Twenty-nine DEPs were found between ‘no CAD/no MI’ and MI before spironolactone treatment (or control strategy). Of these, six were retained in the ‘proteomic profile’, and further narrowed to four after bootstrapping. MI participants had higher levels of MMP-7, neurotrophin-3 (NT3) and pulmonary surfactant-associated protein D (PSPD), and lower levels of tumour necrosis factor-related activation-induced cytokine (TRANCE). The differences in proteins were also statistically significant in a logistic regression model adjusted for baseline medication (Table S8).
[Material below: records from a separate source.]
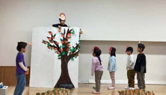 らいおんぐみ(4、5歳児)は「さるかに」のお話。日頃遊んでいるわらべうた遊びも取り入れました。登場人物の気持ちを考えたり、友だちの頑張る姿を見合ったりしながら、みんなで作り上げてきました。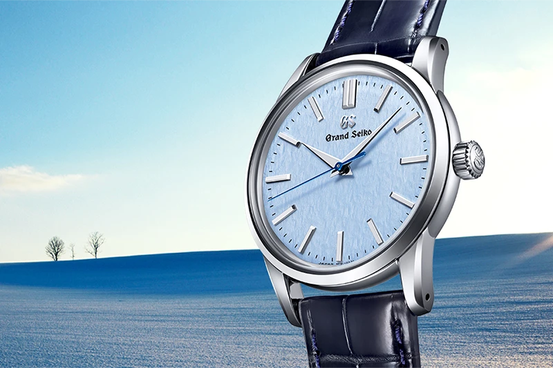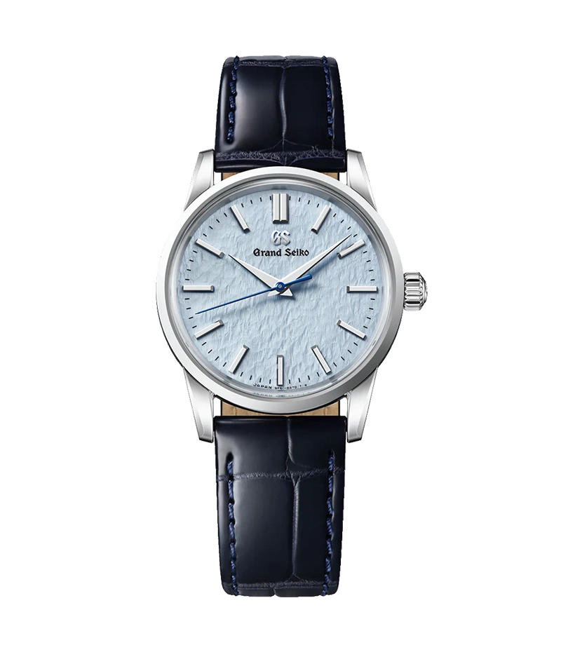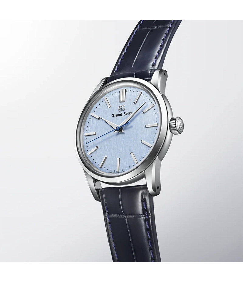 風紋の刻まれた雪のような独特なダイヤル模様は、信州の山々に積もった雪から着想を得たもので、このダイヤルを採用したモデルは世界中から人気を博しています。その和紙のような繊細な質感のダイヤルに、水色のカラーリングを施したモデルです。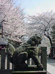 神田川と外濠の分水嶺になる坂道をうんうんと登っていくと、頂上に満開の桜に包まれて筑土八幡神社が建っていた。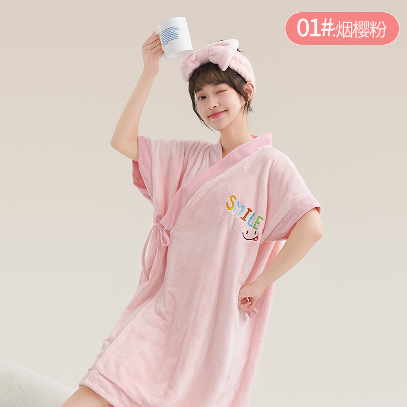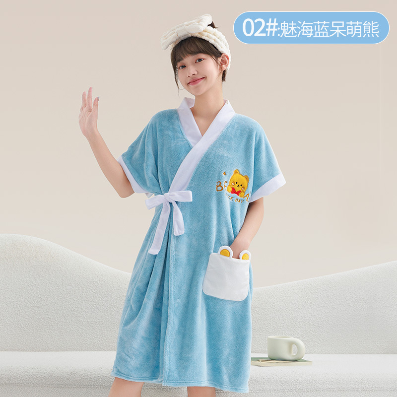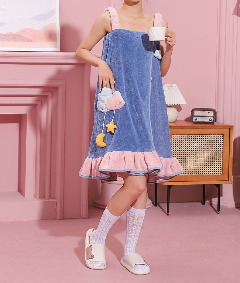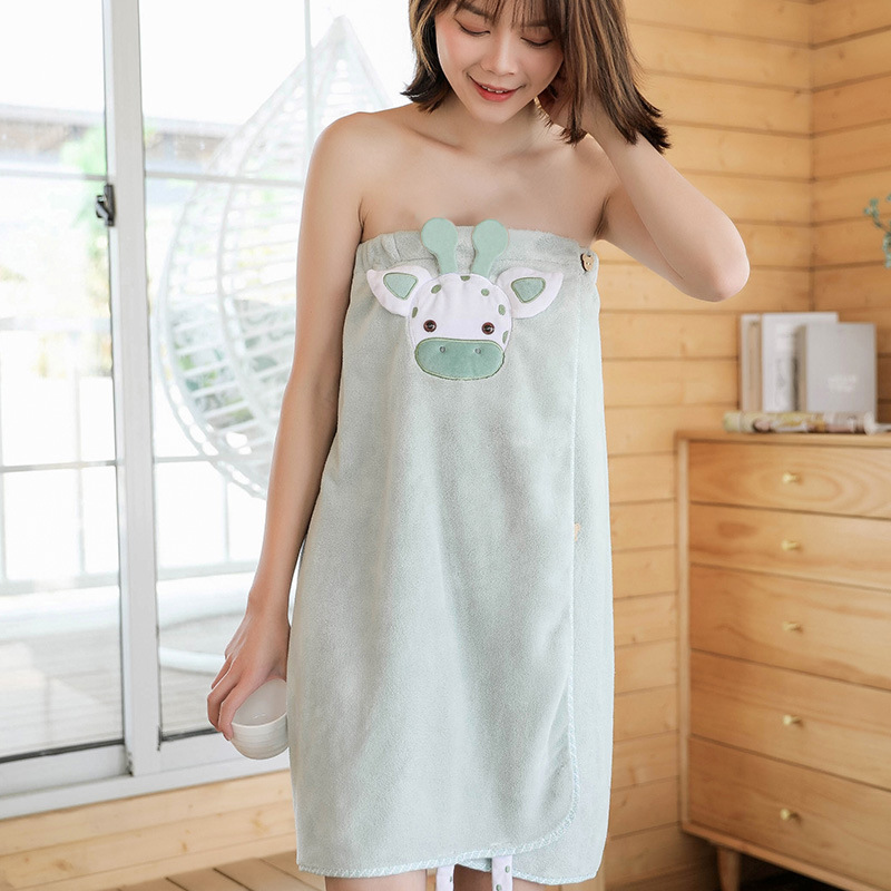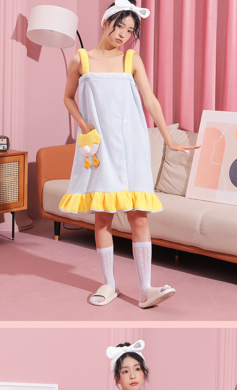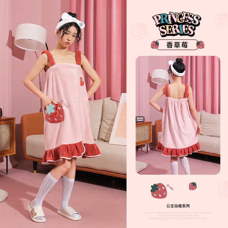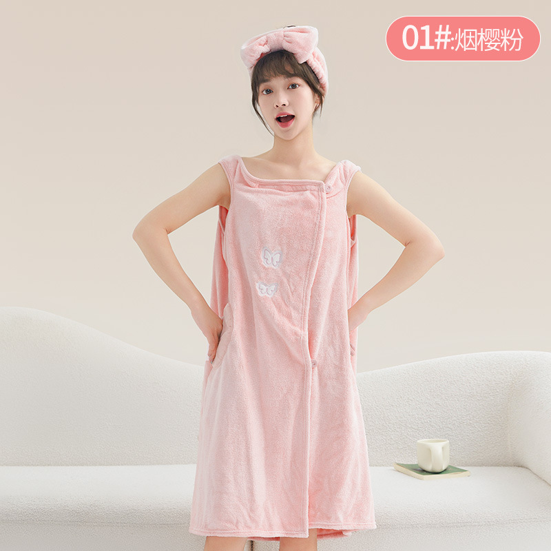 목욕 타올 흡수성 속건 귀여운 산호 양털 가정용 성인 가을과 겨울 슬링 튜브 길이 착용 목욕 가운 여성용 포장 목욕 스커트스토어 가기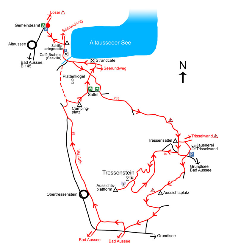 Wir passieren am oberen Ende den Ort Tressenstein und kommen – stets den Wegweisern folgend – zu einem Aussichtsplatz mit Blick Richtung Dachstein samt einem Hinweisschild, dass man sich hier auf der Via Artis (Abb. 23) befindet, die mit Hinweistafeln daran erinnert, dass viele bekannte Kunstschaffende in Altaussee gewirkt haben. Nach einer längeren, fast flachen Wegstrecke im Wald mündet unser gut begehbarer, breiter Steig in die Verbindungsstraße vom Grundlsee zum Altausseer See, in die wir rechts einbiegen. Kurz marschieren wird auf dieser abwärts, dann erreichen wir den Ortsbeginn von Altaussee (Abb. 24). Bei der bald folgenden Kreuzung halten wir uns rechts Richtung Campingplatz und müssen nach wenigen Schritten aufwärts bei der nächsten Abzweigung entscheiden, ob wir halblinks auf dem beschilderten Fußweg westlich des Plattensteins direkt zur Seevilla zurückkehren oder ob wir östlich des Plattensteins – rechts am Campingplatz vorbei – weiter zum Sattel aufsteigen und von dort am linken Wiesenrand zu der Wegkreuzung mit unserem Aufstiegsweg absteigen. Da wir noch im schön am Seeufer gelegenen Strandcafé einkehren wollen, wählen wir die zweite Variante und gelangen nach rund 20–25 Minuten vom Ortsbeginn zum Seeufer samt traumhaftem Loserblick (Abb. 25) von der Seeterrasse. Von dort geht es dann – mit weiteren Postkartenmotiven zum See und zur mächtigen Trisselwand (Abb. 26) – in wenigen Minuten Richtung Westen zur Seevilla und weiter auf dem Aufstiegsweg zurück zum Ausgangspunkt, den wir vom Gipfel des Tressensteins mit dem Umweg zum Strandcafé nach 2¼–2½ Stunden erreichen.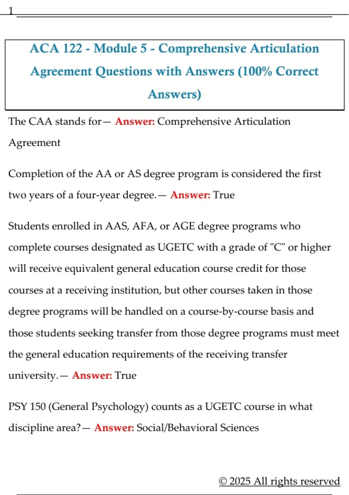 ACA 122 - Module 5 - Comprehensive Articulation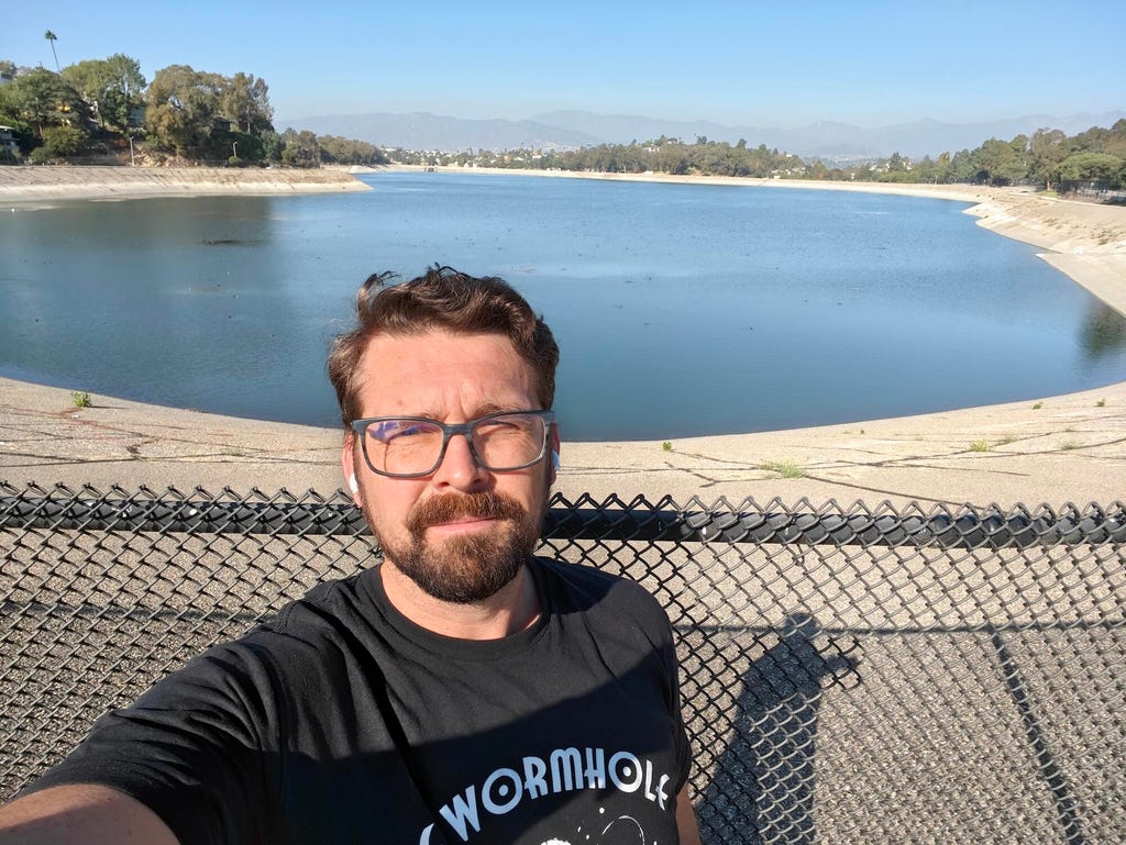 A selfie at the South Lake Reservoir in Los Angeles. David Lumb/CNET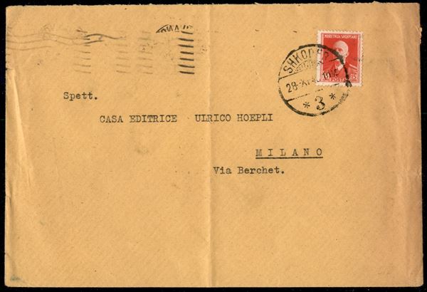 15 qind (21) isolato su busta da Scutari a Milano del 28.11.1940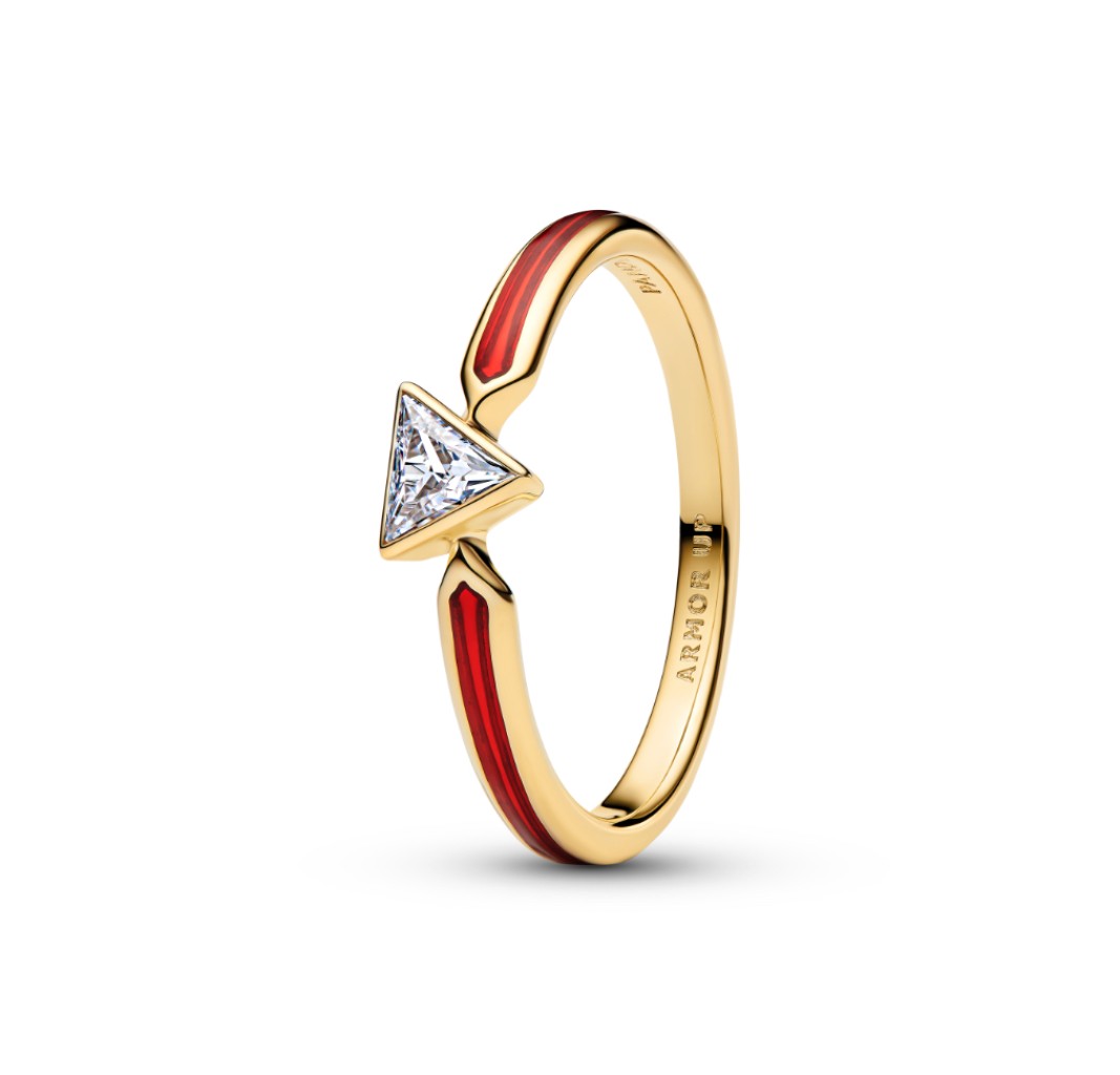 164211C01-48 Marvel Iron Man 14k gold-plated ring with clear cubic zirconia and red enamel

Seven DEPs were found between CAD and MI groups before HOMAGE intervention. Of these, three were selected in the initial stepwise analysis, but none was retained from the bootstrapped models.
No significant statistical correlation was found between proteins included the proteomic profile (Table S10).
Changes in proteomic profile with treatment
The effect of treatment with spironolactone on the main protein changes described above is summarized in Table 3. Treatment with spironolactone increased the circulating levels of NT3, MMP-7 and PGLYRP1 at month 9.
Table 3 Changes in protein concentrations after 1 and 9 months of treatment with spironolactone (vs. control)
Month 1 | Month 9 | ||||||
Protein | Associated with | β (95% CI) | β (95% CI) | ||||
GAL4 | CAD | 0.03 (−0.04, 0.09) | 0.7 | 0.48 | 0.04 (−0.03, 0.11) | 1.1 | 0.27 |
PGLYRP1 | CAD | 0.07 (0.00, 0.14) | 1.8 | 0.068 | 0.12 (0.04, 0.21) | 3 | 0.003 |
PAI | CAD | 0.05 (−0.09, 0.18) | 0.6 | 0.53 | 0.09 (−0.05, 0.24) | 1.3 | 0.20 |
NT3 | MI | 0.03 (−0.05, 0.11) | 0.7 | 0.47 | 0.11 (0.02,0.19) | 2.5 | 0.012 |
PSPD | MI | −0.05 (−0.14, 0.03) | −1.2 | 0.22 | −0.08 (−0.17, 0.01) | −1.7 | 0.083 |
TRANCE | MI | −0.02 (−0.09, 0.06) | −0.5 | 0.65 | −0.01 (−0.09, 0.07) | −0.2 | 0.84 |
MMP7 | CAD & MI | 0.01 (−0.06, 0.08) | 0.3 | 0.78 | 0.10 (0.02, 0.17) | 2.6 | 0.009 |
Influence of coronary disease and HOMAGE results
The impact of atherosclerotic group on study endpoints is detailed in Table 4. There was no influence of group on the effect of spironolactone on the change of systolic blood pressure, PICP, CITP, PIIINP, NT-proBNP, LV mass, or left atrial volume (interaction P > 0.1 for all).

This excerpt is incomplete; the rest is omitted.